People who took the FMA’s KiwiSaver Risk Quiz understood the importance of keeping contributing through any investment downturn, but the results highlight some key areas where more work to help investors is needed.
More than 11,000 people have taken the quiz which was created as the FMA’s contribution to the Sorted Money Week. The quiz will remain on the FMA’s website as part of its investor resources.
17% of people who took the quiz got the question “Funds with lots of shares and property have more ups and downs than funds investing mostly in cash and bonds” wrong. The answer is true.
The question which saw the highest percentage of incorrect answers was question 6: “Choosing a low risk fund means you can stop worrying about market ups and downs.” 25% of people who took the quiz got this question incorrect. The answer is false.
More than nine out of ten people got the other questions right.
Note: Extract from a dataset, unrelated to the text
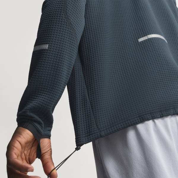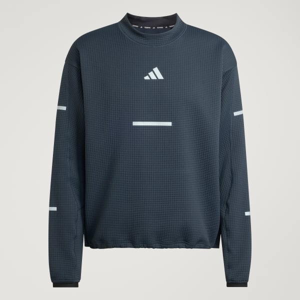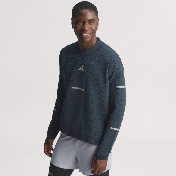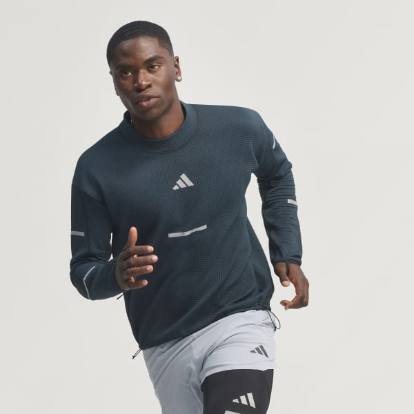 365 days of the year. Hot or cold. You lace up your shoes and get out there. On the cold days, this adidas running crewneck helps you stay comfortable. It's made with CLIMAWARM+ and is designed to layer. The fabric's waffle structure helps channel air to your skin to help regulate body temperature, while thumbholes help you keep your hands warm.CLIMAWARM+ advanced insulation provides superior engineering with advanced materials that unite for warm, dry and focused performance. Insulating materials trap warmth for optimal body temperature.

Simone Robbers, FMA Acting Director of External Communications and Investor Capability said, “It was great to see so many people who took the quiz understood the need to continue investing through any downturn and the risk of switching to a low-risk fund when markets are choppy.
One of the things we want people to take away from the quiz is funds with lots of shares and property like growth funds will be more volatile than investments in bonds or cash, but will tend to deliver better returns over the long-term.
Investors should also understand that even a low-risk fund is not a no-risk fund, with the value of any investment being impacted by market movements.”